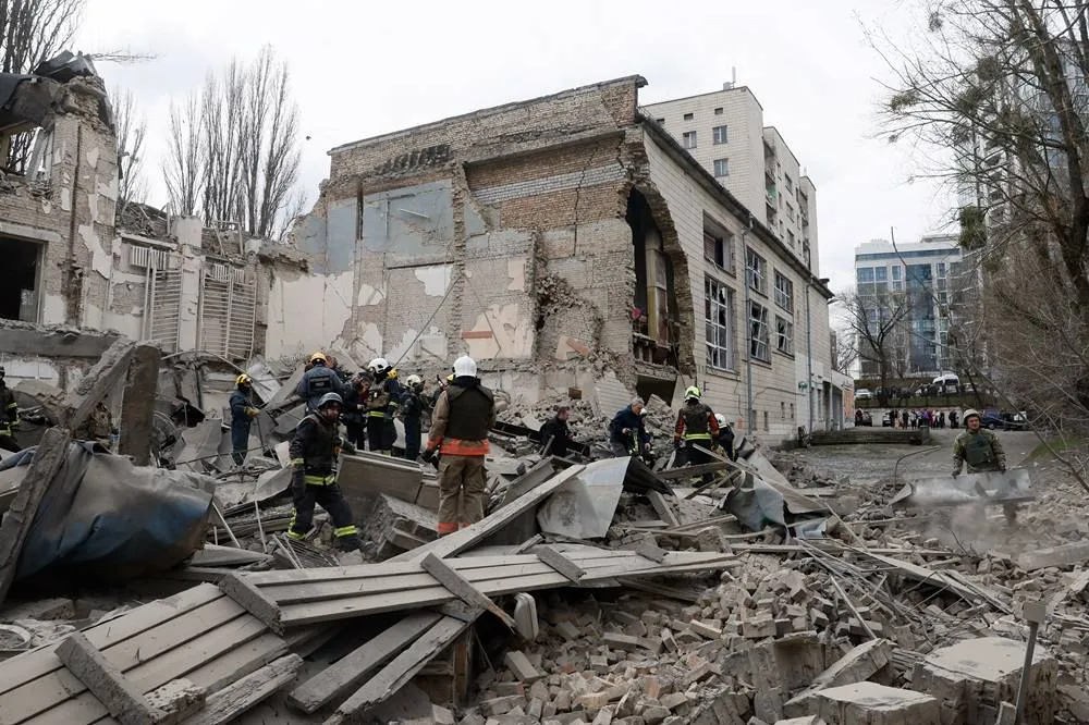 Rescuers work at the site of a building damaged by a Russian missile strike, amid Russia's attack on Ukraine, in Kyiv, Ukraine March 25, 2024. (Reuters)
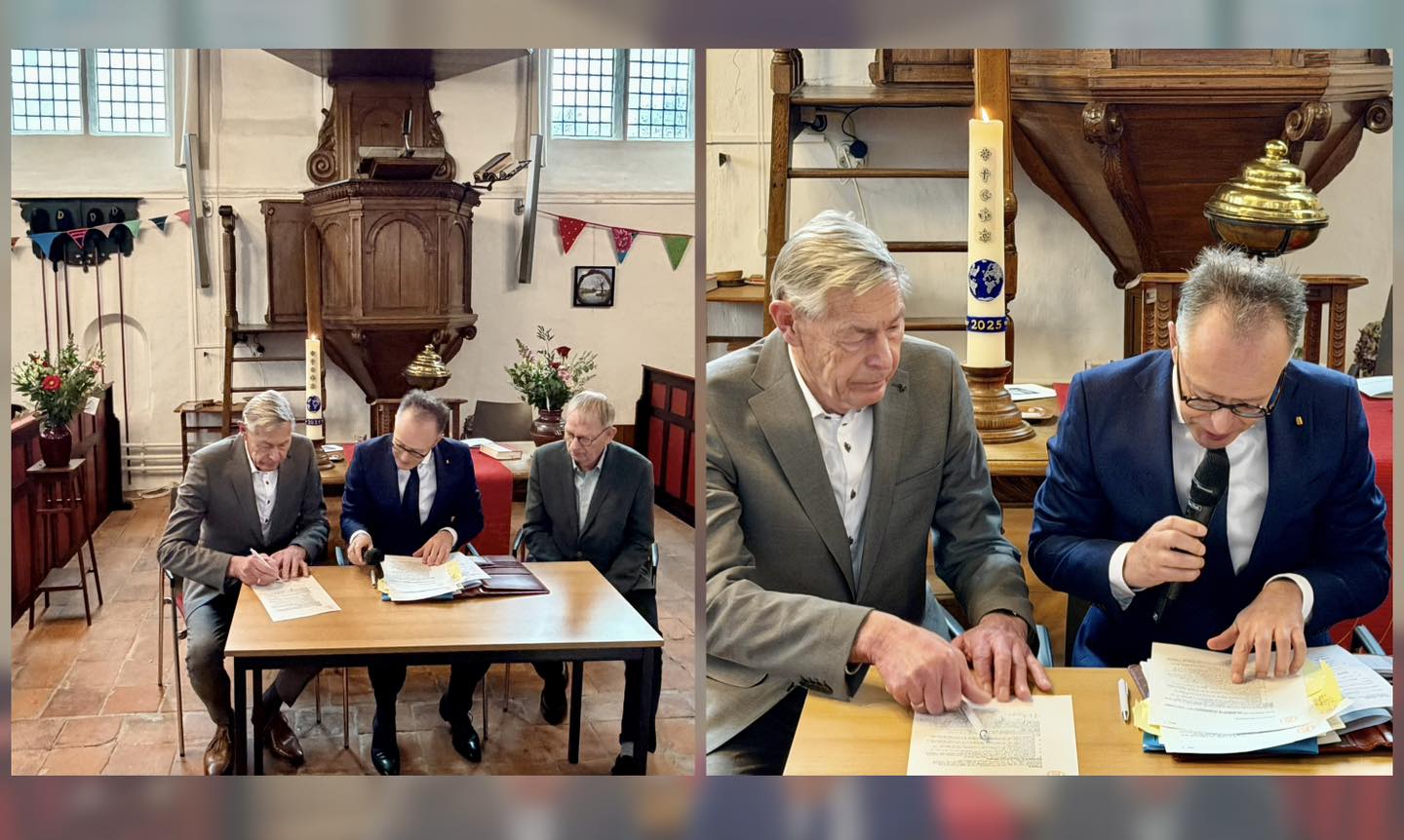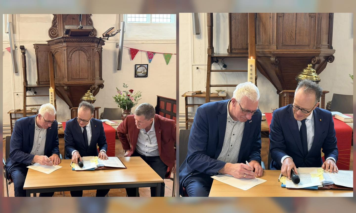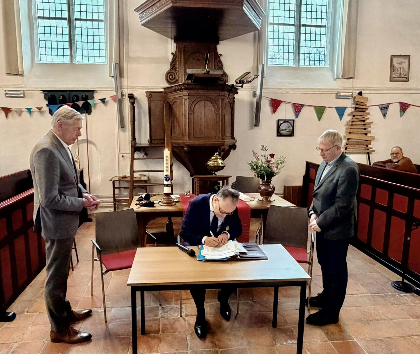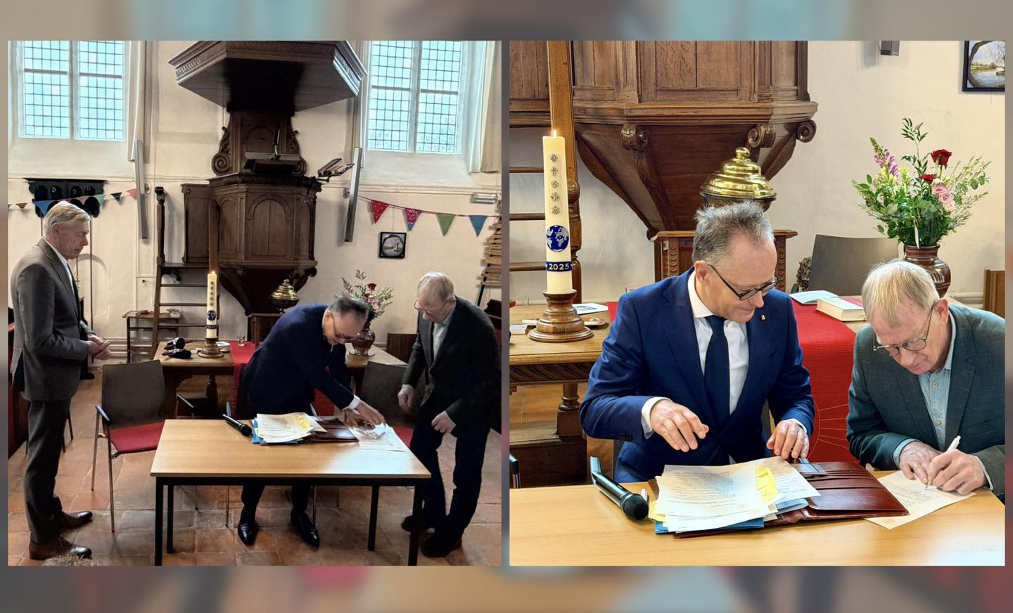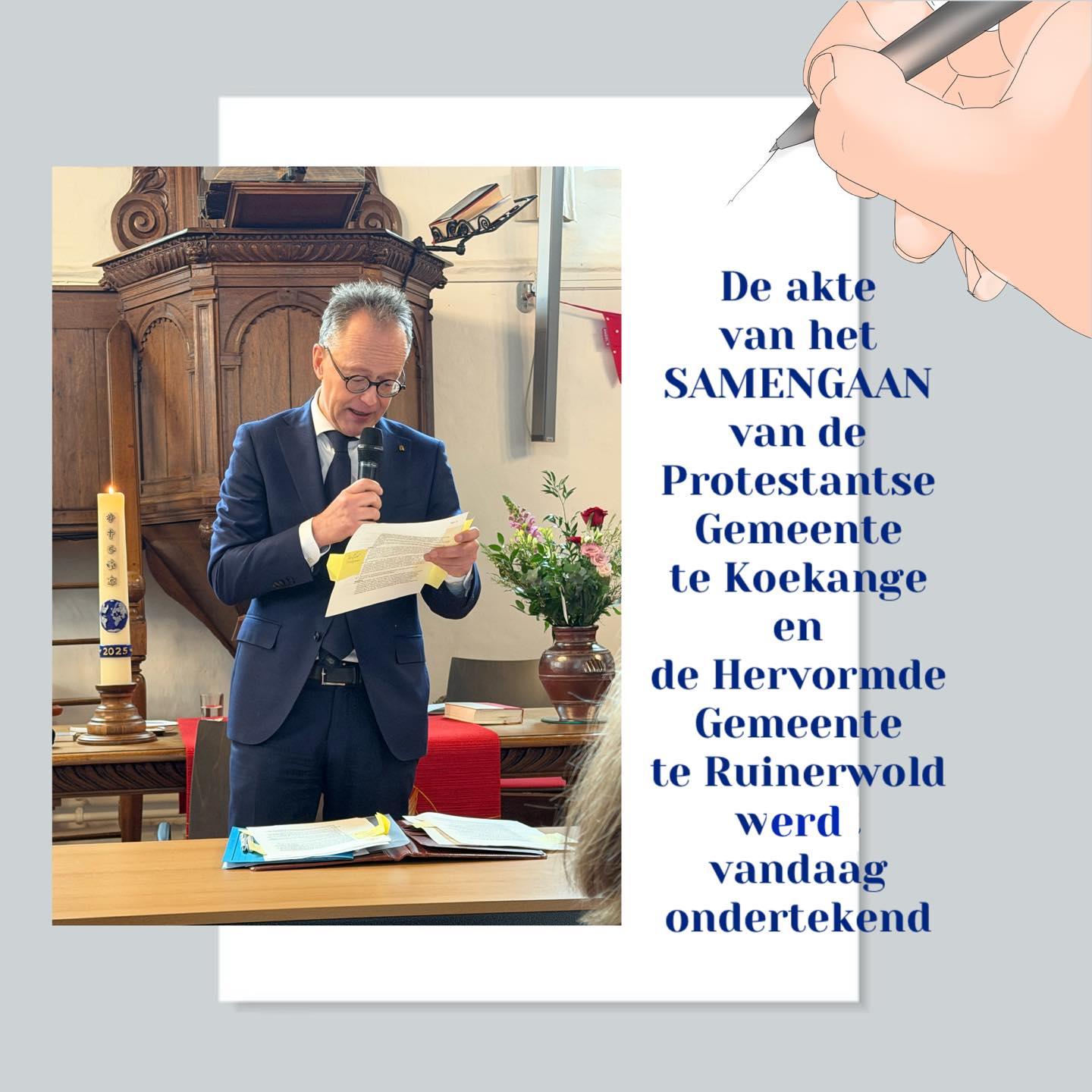 Na de dienst wordt gevraagd te gaan zitten en zal het formele fusiemoment plaatsvinden met het tekenen van de akten.
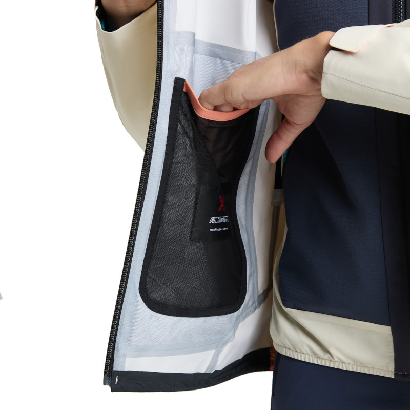 Membrane PROMETEO 3 couches à la fois parfaitement imperméable (20000mm) et respirante (25000g/m2/24h), avec grands zips de ventilation sous les bras. Son tissu améliore la gestion de l'humidité et la thermorégulation, vous gardant au sec et à l'aise dans des conditions changeantes. Elle est traitée avec Fresh Face, un déodorant spécial à base de plantes qui réduit efficacement les odeurs, permettant de la porter plus longtemps entre les lavages.
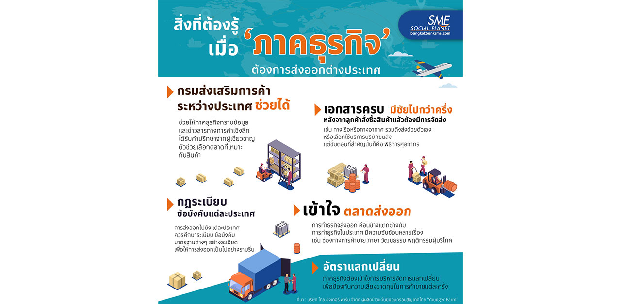 การบุกตลาดต่างประเทศ ถือเป็นอีกหนึ่งโอกาสสำคัญที่สามารถผลักดันให้ธุรกิจเติบโตได้ ซึ่งแต่ละชาติที่เราจะไปทำการค้าด้วยนั้นมีรายละเอียดต่างๆ ที่ต้องทำการบ้านให้ดี เพื่อจะได้ไม่เกิดอุปสรรค - ติดปัญหาต่างๆ ซึ่งอาจทำให้เสียโอกาสทางธุรกิจได้ ดังนั้น Bangkok Bank SME จึงขอนำสิ่งที่ต้องรู้ เมื่อ ‘ภาคธุรกิจ’ ต้องการส่งออกมาให้ได้ทราบ เพื่อการรุกตลาดต่างประเทศแล้วไปโลด ประสบความสำเร็จในต่างแดน
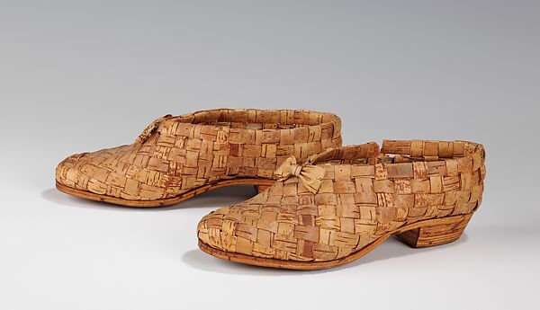 The weaving of birch bark splints into baskets and other utilitarian items is an ancient Scandinavian tradition which continues to this day. Shoes of woven birch bark are a traditional form of Finnish and Scandinavian apparel which dates back to prehistoric times. Generally rather coarse in construction and conception, the basic style has changed little over the millennia. This interesting and highly refined variation incorporates the fashionable Western elements of the solid sole, tapered heel and bow trim at the throat.
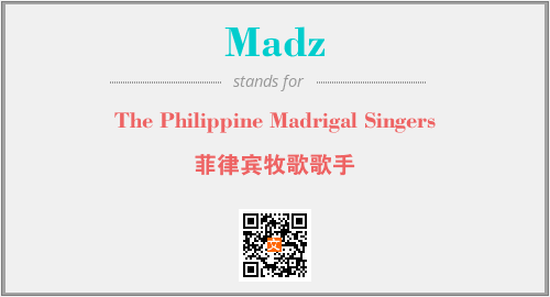 英文缩略词“Madz”经常作为“The Philippine Madrigal Singers”的英文缩写来使用,中文表示:“菲律宾牧歌歌手”。本文将详细介绍英文缩写词Madz所代表英文单词,其对应的中文拼音、详细解释以及在英语中的流行度。此外,还有关于缩略词Madz的分类、应用领域及相关应用示例等。
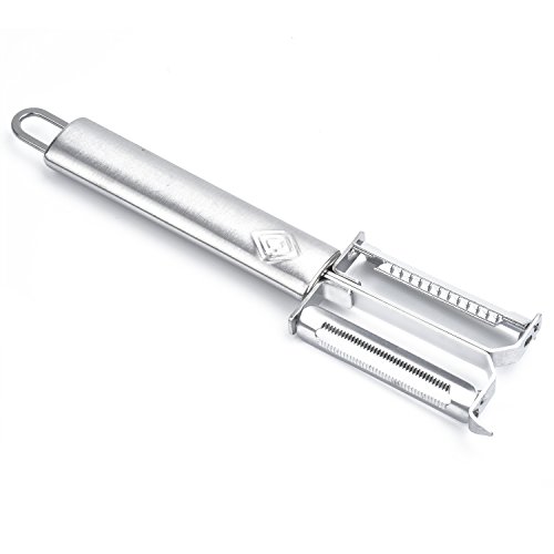 [Product Information]- Ultra sharp peeler blade on one side and vegetable julienne blade on the other side. Excellent vegetable peeler julienne for potato, carrot, cucumber,zucchini,squash,pumpkin
· · · ·
**Problem details:**
Could the data be reproduced exactly, with the pictures omitted?

**Output of the task:**
 Rescuers work at the site of a building damaged by a Russian missile strike, amid Russia's attack on Ukraine, in Kyiv, Ukraine March 25, 2024. (Reuters)
 Na de dienst wordt gevraagd te gaan zitten en zal het formele fusiemoment plaatsvinden met het tekenen van de akten.
 Membrane PROMETEO 3 couches à la fois parfaitement imperméable (20000mm) et respirante (25000g/m2/24h), avec grands zips de ventilation sous les bras. Son tissu améliore la gestion de l'humidité et la thermorégulation, vous gardant au sec et à l'aise dans des conditions changeantes. Elle est traitée avec Fresh Face, un déodorant spécial à base de plantes qui réduit efficacement les odeurs, permettant de la porter plus longtemps entre les lavages.
 การบุกตลาดต่างประเทศ ถือเป็นอีกหนึ่งโอกาสสำคัญที่สามารถผลักดันให้ธุรกิจเติบโตได้ ซึ่งแต่ละชาติที่เราจะไปทำการค้าด้วยนั้นมีรายละเอียดต่างๆ ที่ต้องทำการบ้านให้ดี เพื่อจะได้ไม่เกิดอุปสรรค - ติดปัญหาต่างๆ ซึ่งอาจทำให้เสียโอกาสทางธุรกิจได้ ดังนั้น Bangkok Bank SME จึงขอนำสิ่งที่ต้องรู้ เมื่อ ‘ภาคธุรกิจ’ ต้องการส่งออกมาให้ได้ทราบ เพื่อการรุกตลาดต่างประเทศแล้วไปโลด ประสบความสำเร็จในต่างแดน
 The weaving of birch bark splints into baskets and other utilitarian items is an ancient Scandinavian tradition which continues to this day. Shoes of woven birch bark are a traditional form of Finnish and Scandinavian apparel which dates back to prehistoric times. Generally rather coarse in construction and conception, the basic style has changed little over the millennia. This interesting and highly refined variation incorporates the fashionable Western elements of the solid sole, tapered heel and bow trim at the throat.
 英文缩略词“Madz”经常作为“The Philippine Madrigal Singers”的英文缩写来使用,中文表示:“菲律宾牧歌歌手”。本文将详细介绍英文缩写词Madz所代表英文单词,其对应的中文拼音、详细解释以及在英语中的流行度。此外,还有关于缩略词Madz的分类、应用领域及相关应用示例等。
 [Product Information]- Ultra sharp peeler blade on one side and vegetable julienne blade on the other side. Excellent vegetable peeler julienne for potato, carrot, cucumber,zucchini,squash,pumpkin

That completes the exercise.